Measured reality vs held out (bright line)
feedback_measured_reality_only. eGRID is a MIX of measured and calculated numbers, and eGRID
stamps every emission value with its provenance, so the split is per-row and clean.
- IN — net electricity generation (
PLNGENAN, metered MWh reported to EIA). - IN — CEMS-measured emissions. Emissions whose eGRID source flag is
EPA/CAMD: a Continuous Emissions Monitoring System is a physical instrument on the smokestack that directly measures CO2, SO2 and NOx (and Hg where monitored) in the flue gas. Carried asco2_cems_tons,so2_cems_tons,nox_cems_tons(short tons) andhg_cems_lbs(pounds). - OUT — emission-factor estimates. Emissions flagged
Estimated using emissions factor(fuel burned x a textbook pollution-per-fuel number) are a calculation, not a measurement. Nulled, never carried. - OUT — eGRID's computed plant-level emission totals, which blend CEMS + estimated units.
Not used; the slot RE-SUMS emissions from the unit sheet over only the
EPA/CAMD-flagged units. The unit-level filter is the load-bearing logic (unit-tested). - OUT — eGRID's derived emission RATES (lb/MWh). A ratio of measured quantities is recomputable downstream from the raw masses; we store the raw masses, not the rate.
By tonnage this keeps most of the signal even though it drops many small units: across the
fleet about 84% of CO2 MASS is CEMS-measured (every big baseload unit carries a monitor), and
the "estimated" units are mostly small/intermittent. The slot carries n_units vs
n_units_cems each year so the measured coverage is explicit. A wind/solar/landfill-gas plant
with metered generation but no monitored stack keeps its generation and nulls the emissions
("data is data", feedback_data_is_data_partial_coverage).
Coverage
- 2018-2022 (5 modern eGRID editions, identical unit-level schema, per-row CEMS source flags verified consistent across all five). ~13,715 plant slots.

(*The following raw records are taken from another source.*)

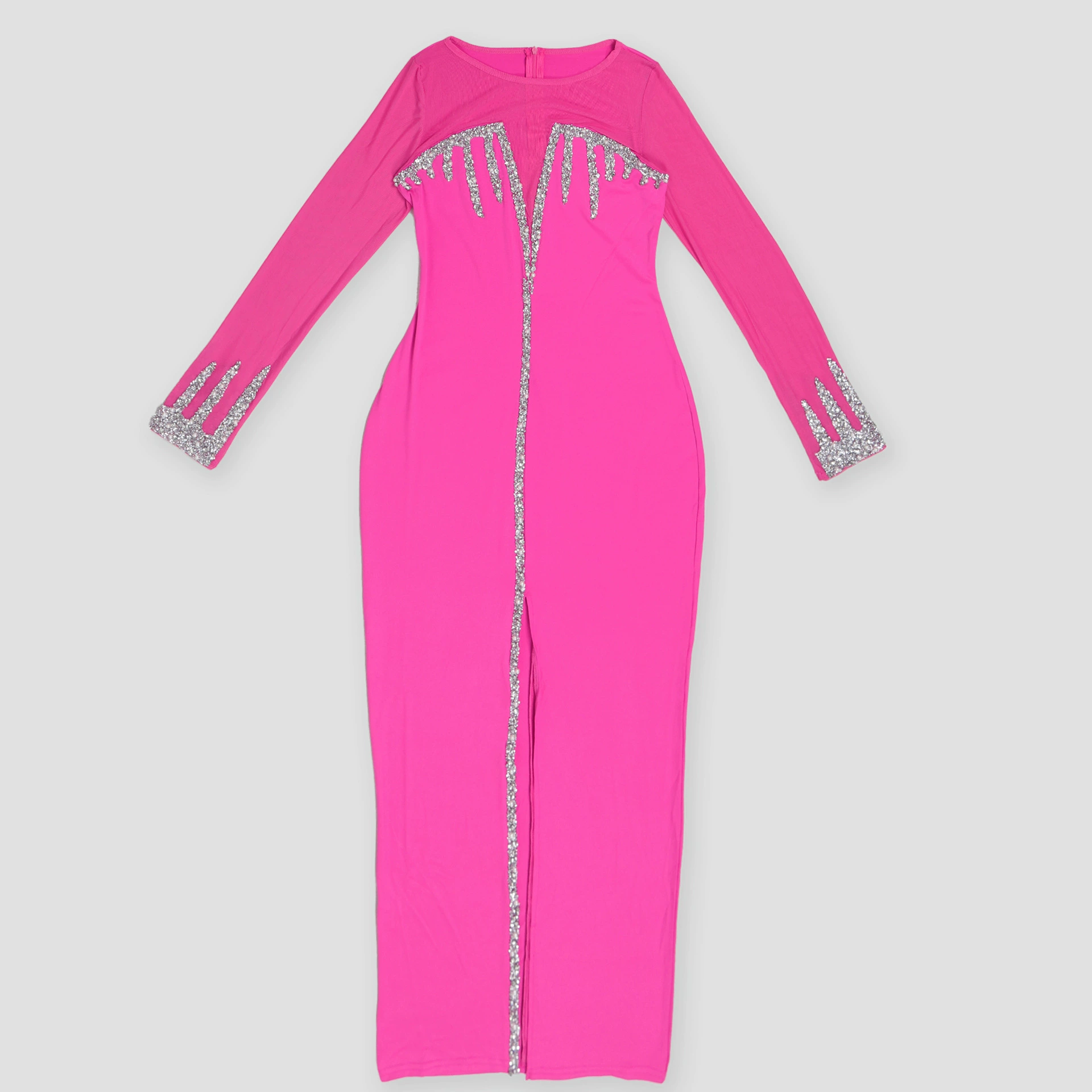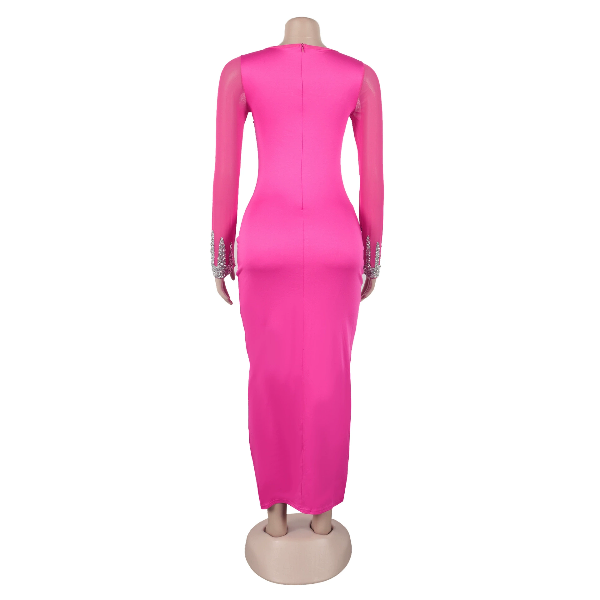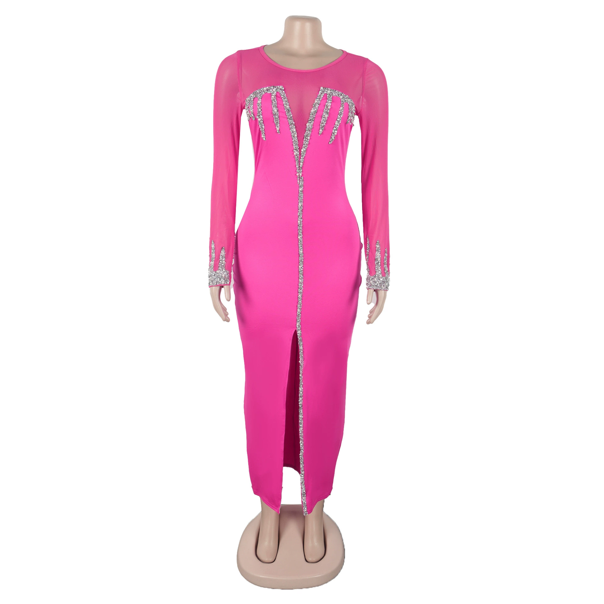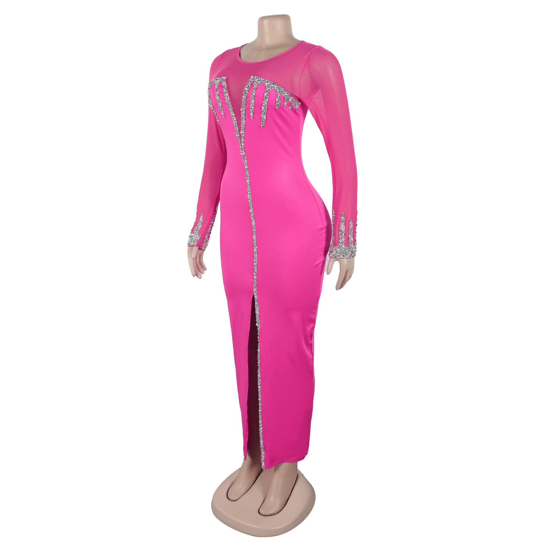 CM.YAYA Diamonds Hot Rhinestones O-neck Women Mesh Full Sleeve Long Dress 2025 High Split Party Night Evening Prom Maxi Dresses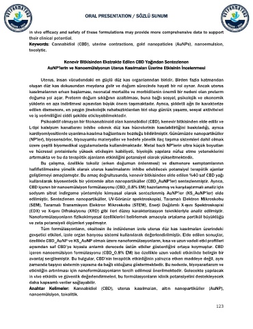 Anahtar Kelimeler: Kannabidiol (CBD), uterus kasılmaları, altın nanopartiküller (AuNP),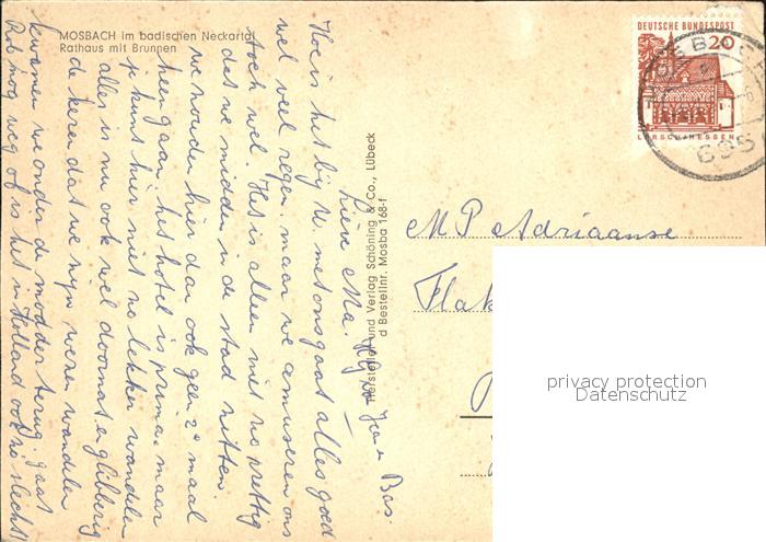 72421585 alte Postkarte Mosbach Baden Rathaus mit Brunnen postalisch gelaufen Erhaltung siehe scans KatCode: 11110008225058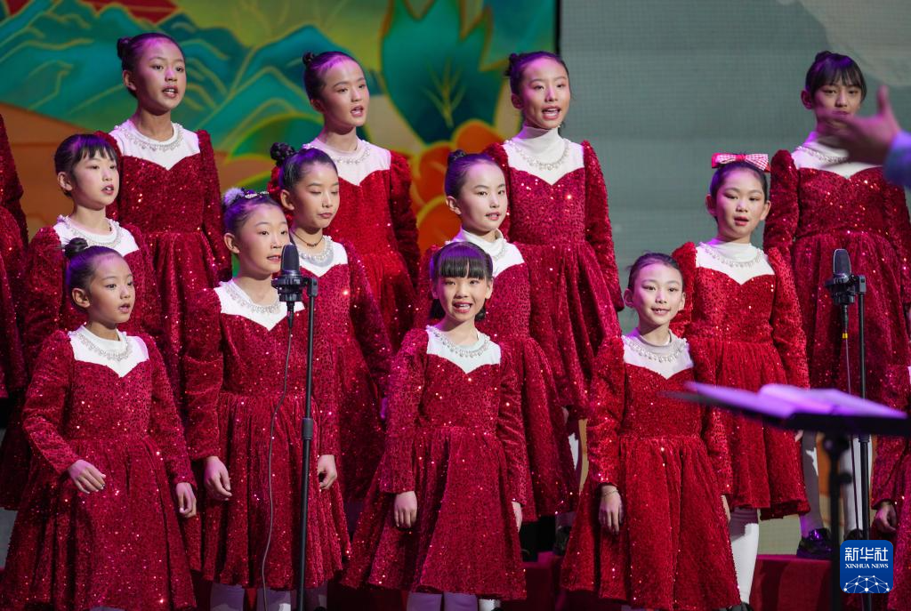 12月28日晚,西藏珠峰少年合唱团学员代表合唱歌曲《快快走唱首歌》。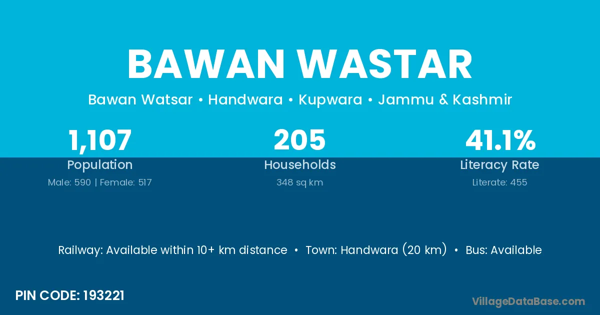 Handwara (20 km) is the nearest town to Bawan Wastar village for major economic activities and is located approximately 20 km away.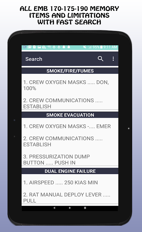 Allgemein, Luftsystem, Feuer, Treibstoff, Hydraulik, Enteisung, Fahrwerk & Bremsen, Sauerstoff, Steuerung, Elektrik, Warnsysteme, Autopilot, Triebwerk, Instrumente, Radar, FMS, APU, Einschränkungen, Standardarbeitsanweisungen (SOP) und Merkhilfen.

- 2017: eGRID published no 2017 edition. Natural gap in the series, not dropped data.
- 1996-2016 (deferred backfill): the historical bundle uses older split / boiler-level
schemas; the early years (1996-2012) lack the modern per-row CEMS flag, so emissions there
cannot be cleanly separated from estimates. The backfill is a follow-up requiring per-era
adapters and, for any year without a per-row flag, keeping metered generation only and
holding emissions out.
data is data: take the clean modern years now, backfill later.
Multi-source cited slot
Universal rule: each eGRID year is its own cited source (epa_egrid_2018 .. epa_egrid_2022);
a plant accretes one row per year, each attributed.
Storage
Locationdex sibling storehouse data/location_storehouse/power_plant/<orispl>.json,
file-per-slot, via the event_storehouse write + disk-rebuilt index machinery
(base_dir=location_storehouse). The build clears the kind dir before rebuild so
renamed/removed slots never linger.
Sanity check
Top CEMS-measured CO2 emitters resolve to the real US heavyweights at the right magnitudes: James H Miller Jr (AL, ~24M short tons CO2 in 2022, the single largest US power-plant emitter), Scherer (GA), Monroe (MI), Gibson (IN), Labadie (MO), Martin Lake (TX), Gen J M Gavin (OH), W A Parish (TX). Miller's low SO2 (~850-1,260 tons against ~20M+ tons CO2) correctly reflects its scrubbers.
Deferred
- 1996-2016 historical backfill (per-era adapters; generation-only where no per-row CEMS flag).
- Heat input (
HTIAN) is mostly EIA-reported rather than CAMD; left out of v1 to keep the bright line crisp around emissions. Could be carried later, clearly tagged by source. - A live edge: eGRID is an annual after-the-fact publication; the current-year edge (if wanted) would come from EPA CAMD hourly CEMS, a separate decision.
- Spatial sweep / cross-match (deferred for every Locationdex kind until one needs it).